Now we will add a histogram to the TSelector code. Several code lines have to be added to the TSelector code files s0.C and s0.h.

To s0.h make the following additions: after existing include statements add:

#include <TH1F.h>

After class s0 definition:

class s0 : public TSelector {
public :

add

TH1F *e;

To s0.C make the following additions:

After entry:

void s0::SlaveBegin(TTree * /*tree*/)
{

add

e = new TH1F("e", "e", 1000, -199.0, 1200.0);

After Process entry:

Bool_t s0::Process(Long64_t entry)
{

add

GetEntry(entry);
e->Fill(Energy);

After terminate entry:

void s0::Terminate()
{

add

TFile f("histograms.root","RECREATE");
f.WriteObject(e,"Energy");
f.Close();

We will not submit grid jobs during this exercise.

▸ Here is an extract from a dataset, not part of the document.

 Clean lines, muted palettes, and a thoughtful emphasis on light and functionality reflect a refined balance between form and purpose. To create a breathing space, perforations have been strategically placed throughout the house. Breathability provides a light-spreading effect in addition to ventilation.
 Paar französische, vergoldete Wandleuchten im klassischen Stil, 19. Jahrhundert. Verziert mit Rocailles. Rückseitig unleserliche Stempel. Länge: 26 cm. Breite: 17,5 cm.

So we will skip submit script.

-----------------------------Skip from here-5-----------------------------------------

Now create the new script files for Step 2:

create run-root-2.cmd:

universe=vanilla
executable=run-root-2.sh 
transfer_input_files = s0.C,s0.h,run-root-2.C,t00.root,t01.root 
transfer_executable=True 
when_to_transfer_output = ON_EXIT 
log=run-root-2.log 
transfer_output_files = root-2.out,histograms.root 
output=run-root-2.out.$(Cluster).$(Process) 
error=run-root-2.err.$(Cluster).$(Process) 
notification=Never 
queue 

-----------------------------------------------Skip to here-5----------------------------------------------------

Create run-root-2.sh:

#!/bin/bash 
root -b < run-root-2.C > root-2.out 

It has to be made executable, by use of the chmod Linux command:

chmod +x run-root-2.sh

Create run-root-2.C

.L s0.C++ 
{ 
 //Load and run TSelector 

  s0 *s = new s0(); 

  TChain tc("t0"); 
  tc.Add("t*.root"); 
  tc.Process(s); 

} 

We can test the root job on the local machine by executing the script to run root:

./run-root-2.sh

We will not submit grid jobs during this exercise. So we will skip running condor.

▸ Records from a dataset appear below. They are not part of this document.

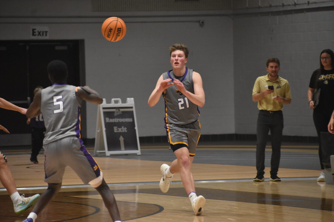 Photo by Samantha Davis Minnesota State University redshirt freshman Colton Benson receives a pass from a teammate during a Northern Sun Intercollegiate Conference men’s basketball game against Southwest Minnesota State University on Dec. at the R/A Fa- cility in Marshall. Benson started the game and finished with 12 points and five rebounds for the Mavericks in the 78-66 loss to th Mustangs.
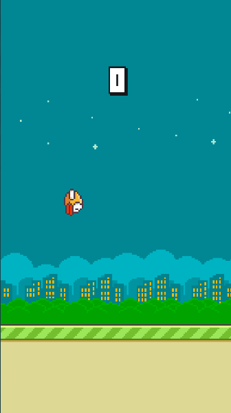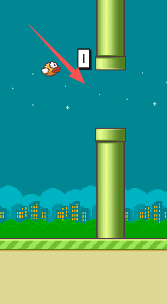 2、手指轻点屏幕,控制小鸟一蹦一跳地飞行,小心避开那些绿色的管道哦。
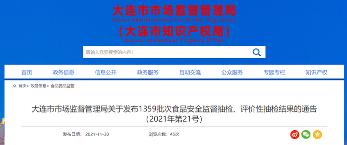 大连市市场监管局公布1359批次食品安全监督抽检、评价性抽检结果:合格率97.79%
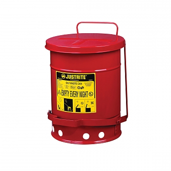 Justrite 09100 Foot Operated Oily Waste Can With Self-Closing Cover, 6 gal Capacity, 11-7/8 in Dia x 15-7/8 in H, Steel, Red
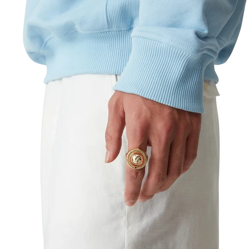 L’anello medaglione sportivo è realizzato in ottone placcato oro e smalto dipinto a mano. Completato dal logo a forma di diamante, simbolo della Maison, sul gambo.
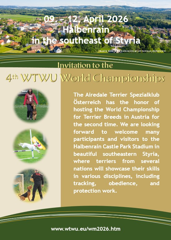 Welcome to the official homepage of the 4th WTWU World Championship 2026 in Austria The Airedale Terrier Spezialklub Österreich team is looking forward to YOU!!!
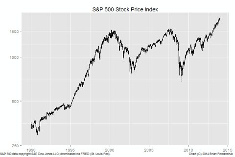 Although equities have outperformed bonds on very long horizons, they have also underperformed for extended periods. If you bought the S&P 500 at the top of the market in March 2000, your returns to present have been pitiful (chart above; stock prices have risen at 1.3% annualised since the peak in 2000, but investors would have also received dividends to augment their returns).
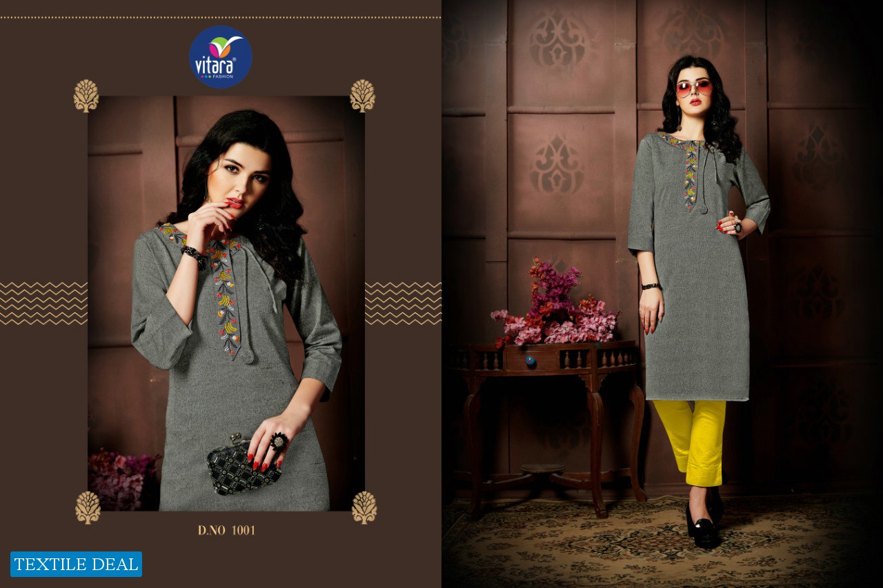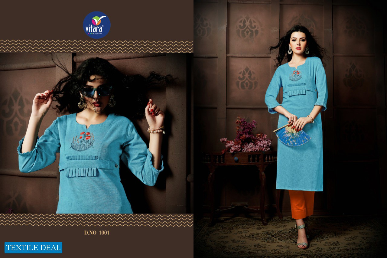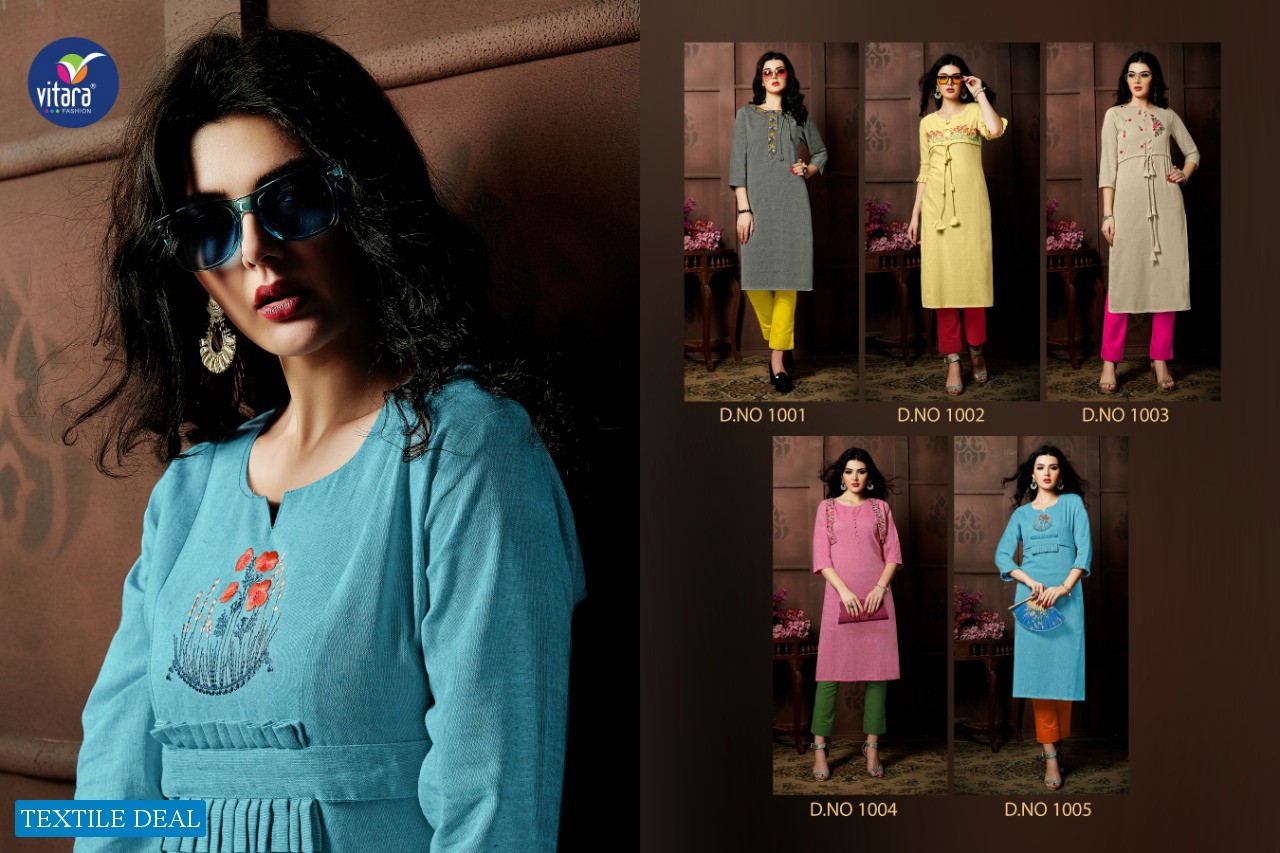 | Other Details: | ? vitara fashion launches exclusive designer kurti ? ?Catalogue name- SIMRAN ?Fabric- khadi handloom ?Size – M -38 ,L-40,XL-42,xxl-44 ☣Designs- 5 ?Rate:- 425/- GST +5% ADD ON BILL AMT |
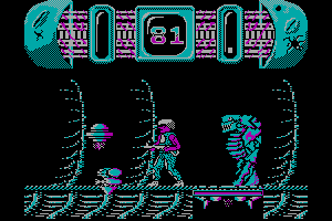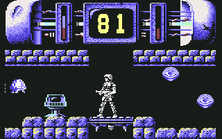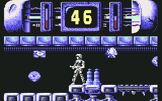 The very cliche save-the-world-from-robot-mutiny premise notwithstanding, Trantor features some challenging end-level bosses with creative arrays of weapons. Unfortunately, few gamers would be motivated enough to get to that point, because of several idiosyncracies. First of all, you (the stormtrooper) is equipped with a measly flamethrower that has a very short shooting range. Furthermore, you can only jump a tiny amount, and you can't shoot up or diagonally. This makes it all but impossible to avoid damage from dozens of flying enemies that hover above you at all times, not to mention artillery on the ground. This very limited movement and attack options reduce the game to a very tedious exercise of keep-the-fire-button-pressed-while-jumping.
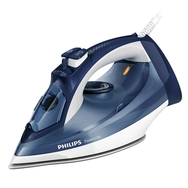 Утюг Philips GC2996/20 мгновенно достигает установленной температуры. Из плюсов: хороший вес, лёгкое разглаживание, функция автоотключения, пятислойное покрытие, которое не допускает случайной порчи ткани. Вода во время глажения не подтекает, противокапельная система перекрывает подачу воды при низкотемпературной глажке. Есть функция самоочистки. Ёмкость для воды — 320 мл, паровой удар 150 г.
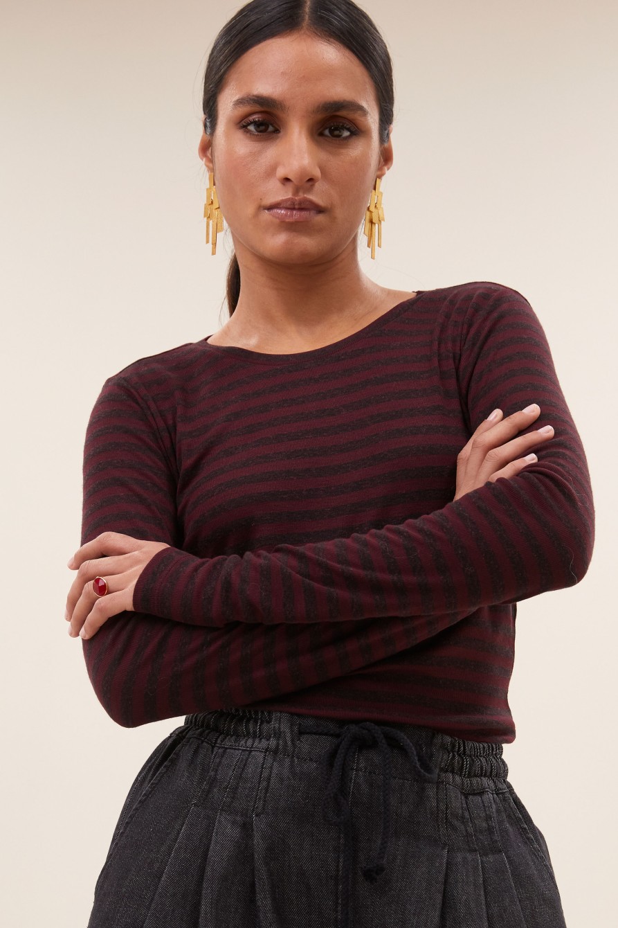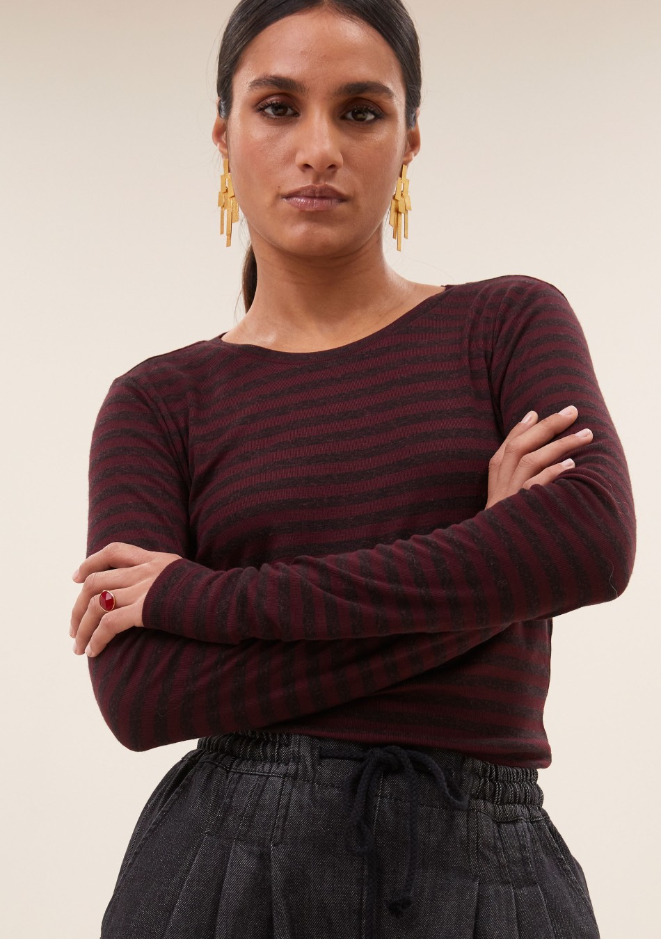 Falda larga de rayas confecciona en un viscosa con mucha caída. Detalle de canesú a la cintura curvado que estiliza la figura.

-----------------------------Skip from here-6-----------------------------------------

If this works, we can process the data files t00.root and t01.root on the Grid with our new command script run-root-2.cmd.

This can be done with command:

condor_submit run-root-2.cmd

Once your job has finished, you again need to copy that file into your public directory, so that you can download it to your local desktop:

cp histograms.root ~/public/

Go back to the local terminal window on your local desktop, and download the root files with:

wget http://stash.osgconnect.net/~YOUR_USER_ID/histograms.root

-----------------------------------------------Skip to here-6----------------------------------------------------

You can look at the output histogram file: histograms.root with TBrowser b as before, in your local terminal window.